An international task force apprehended a Chinese national and dismantled what’s believed to be the “world’s largest” botnet, considered a crushing blow to cybercrime. The cybercriminal allegedly operated this botnet for nearly a decade, netting him an estimated $99 million in profits.
The “911 S5” botnet, a sophisticated weapon of choice for cybercriminals, facilitated a range of nefarious activities from fraud and identity theft, to child exploitation.The arrest of Yunhe Wang, the suspected ringleader of this criminal network, signifies a turning point in the fight against cybercrime.
Wang, a 35-year-old cybercriminal, was arrested on May 24, and accused of operating the 911 S5 botnet, according to the U.S. Department of Justice. For eight years, a sprawling network of infected I.P. addresses, spanning 190 countries, served as the backbone of the 911 S5 botnet (DoJ). This network remained active since its creation in 2014.
Prosecutors allege Wang amassed millions of dollars by selling access to this vast network to cyber criminals. “This Justice Department-led operation brought together law enforcement partners from around the globe to disrupt 911 S5, a botnet that facilitated cyber-attacks, large-scale fraud, child exploitation, harassment, bomb threats and export violations,” stated Attorney General Merrick B. Garland in the press release.
Wang allegedly amassed a staggering $99 million through the scheme, indulging in a lavish lifestyle with luxury cars and real estate purchases across the globe, including the U.S., St. Kitts and Nevis in the Carribean, China, Singapore, Thailand, and the UAE.
Wang is accused of spreading his malware through two methods: Infecting Virtual Private Network (VPN) programs like MaskVPN and DewVPN, and bundling it with other software downloads, including pirated software.
“This case makes clear that the long arm of the law stretches across borders and into the deepest shadows of the dark web,” said Attorney General Merrick B. Garland.
Merrick underscored the critical role of international collaboration in dismantling this sophisticated network, highlighting the involvement of law enforcement agencies from Singapore, Thailand, and Germany.
While the botnet infected over 19 million I.P. addresses across nearly 200 countries, with over 613,000 victims in the U.S. alone, court documents reveal a troubling domestic connection: 76 of the servers used were leased from US-based online service providers.
The botnet reportedly targeted COVID-19 relief programs, resulting in over 560,000 fraudulent claims and a staggering theft of over $5.9 billion.
Unprecedented Scale: ‘Likely the World’s Largest Ever’
FBI Director Christopher Wray called the dismantled botnet “likely the world’s largest ever,” highlighting its unprecedented scale.
This takedown echoes a similar incident in 2018, where GitHub faced the most powerful DDoS attack on record. Unlike Wang’s strategy, those threat actors exploited vulnerabilities in Memcached servers to amplify their attack, bypassing the need for a massive botnet.
Highlighting the FBI’s global effort in dismantling this record-breaking botnet, Wray said, “This operation demonstrates the FBI’s commitment to working shoulder-to-shoulder with our partners to protect American businesses and the American people, and we will work tirelessly to unmask and arrest the cybercriminals who profit from this illegal activity.”

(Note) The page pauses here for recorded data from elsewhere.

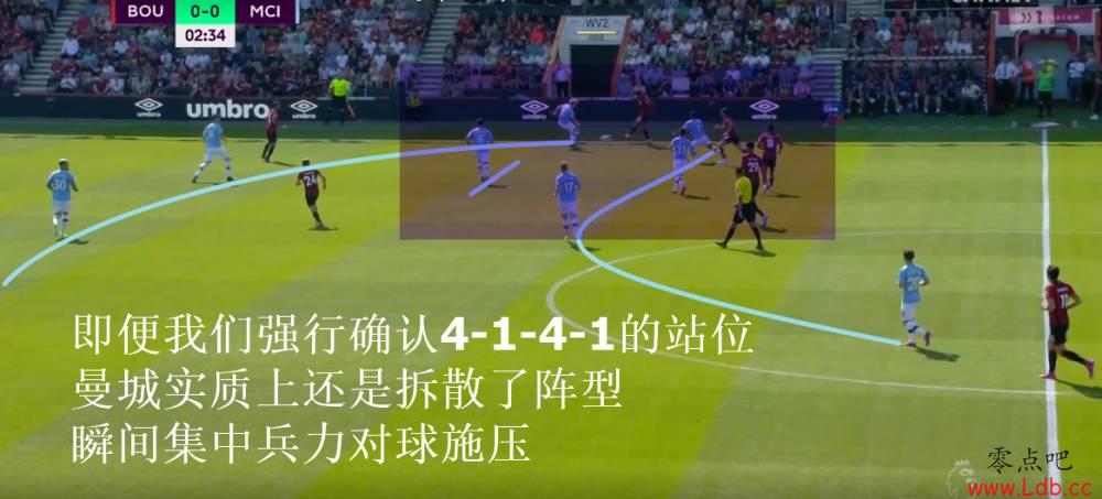 确实,我们能够依稀看出曼城的4-1-4-1站位,这其中阿圭罗并没有出现在镜头里。但问题是,你很难说这是刻意保持阵型的结果,与其说曼城刚开始就奉行一个4-1-4-1的平行站位防守倒不如说因为防守开始时球员所处位置原因,进行围抢后自动站成了这么个阵型。其实曼城防守的目的非常明显,就是围绕持球人屯集重兵,直接切断所有出球线路。注意阴影区域内集中了曼城多少人?这其实才是真正的“围抢”。
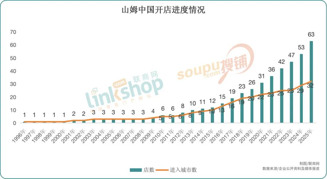 三是全国新开门店数量达到新高。据联商网统计,2025年全国新开10家山姆门店,单年开店数量创历史新高,山姆全国门店数也达到了63家。
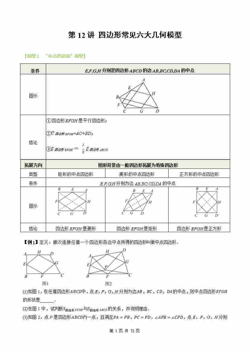 ②寒假预习-第12讲 四边形常见六大几何模型(6个模型过关测)-2026年八年级数学寒假衔接讲练 (人教版-新教材)(教师版)
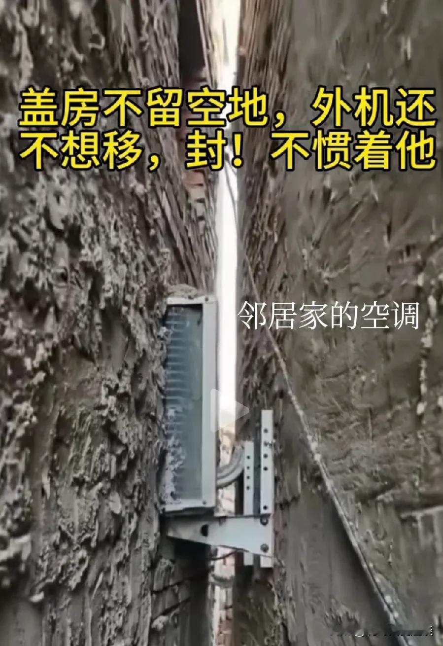 男子盖房不留空地,空调不挪,邻居直接封死。男子盖房子不留一点空间,但是他外面还安
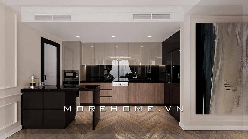 Quầy bar bếp hiện đại, ốp kính bề mặt màu đen tạo nên nét độc đáo và sạch sẽ cho căn bếp
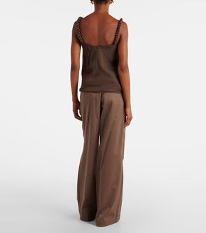 JW Anderson’s navy top is crafted from textured velvet that’s contrasted by exaggerated black satin cuffs. Topped with a point collar, this loose style is detailed with a trending zip-fastening neckline that features a leather trim at the circular pull.

The dismantling of 911 S5 wasn’t just about stopping a cyber threat; it exposed the network’s staggering impact. Assistant Secretary for Export Control at the Department of Commerce, Matthew Axelrod, compared the scheme’s reach and complexity to something ripped straight from a screenplay.
“A scheme to sell access to millions of malware-infected computers worldwide, enabling criminals all over the world to steal billions of dollars, transmit bomb threats, and exchange child exploitation materials — then using the scheme’s nearly $100 million in profits to buy luxury cars, watches, and real estate,” he said.
The fight against cybercrime is a constant battle. As law enforcement dismantles operations like 911 S5, criminals continuously adapt. New technologies like A.I. fuel innovative scams, as evidenced by the recent $25 million deepfake fraud targeting a prominent British engineering firm, showcased that online crime is evolving.
This incident highlights the need for vigilance and robust security measures to stay ahead of cybercriminals’ ever-evolving tactics.